PAMEKASAN, DIMADURA–Pemerintah Kabupaten (Pemkab) Pamekasan, Madura, Jawa Timur, menyatakan siap mengawal penyiapan dokumen usulan Madura sebagai Kawasan Ekonomi Khusus (KEK) Tembakau.

Komitmen tersebut disampaikan Bupati Pamekasan KH Kholilurrahman saat menerima audiensi Karsana Muda Madura (KAMURA) di Rumah Dinas Bupati, kompleks Pendopo Ronggosukowati, Rabu (16/9/2026).

Audiensi tersebut merupakan bagian dari rangkaian kunjungan KAMURA ke empat pemerintah kabupaten di Madura untuk mematangkan dokumen usulan KEK Tembakau.

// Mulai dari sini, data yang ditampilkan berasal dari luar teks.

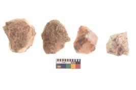| Description / विवरण | There are n 4 of utilized worked cores and show irregular scar pattern on both dorsal and ventral side. Two have a broken tip. |

Sehari sebelumnya, Selasa (15/9/2026), rombongan KAMURA diterima Wakil Bupati Bangkalan Fauzan Ja'far. Dalam pertemuan itu, ia mengingatkan pentingnya menghindari ego sektoral di antara empat kabupaten di Madura.

Ia juga mendorong agar pengembangan tembakau tidak berhenti pada produksi bahan baku, tetapi diarahkan hingga pengembangan industri.

Pada hari yang sama dengan audiensi di Pamekasan, Bupati Sumenep Achmad Fauzi Wongsojudo menyatakan kesiapan menyediakan lahan seluas 30 hektare di wilayah Patean.

Dalam audiensi tersebut, Kholilurrahman menekankan pentingnya komunikasi dan koordinasi yang berkelanjutan dalam mendorong terwujudnya KEK Madura.

“Silaturahmi telah menumbuhkan semangat baru,” ujarnya.

Menurut Kholilurrahman, Pemkab Pamekasan sejak awal mendukung rencana tersebut dan siap terlibat dalam proses pengusulannya.

“Kami ikut mengawal agar ini sukses. Berdirinya KEK di Madura adalah visi dan keinginan kita bersama,” tegasnya.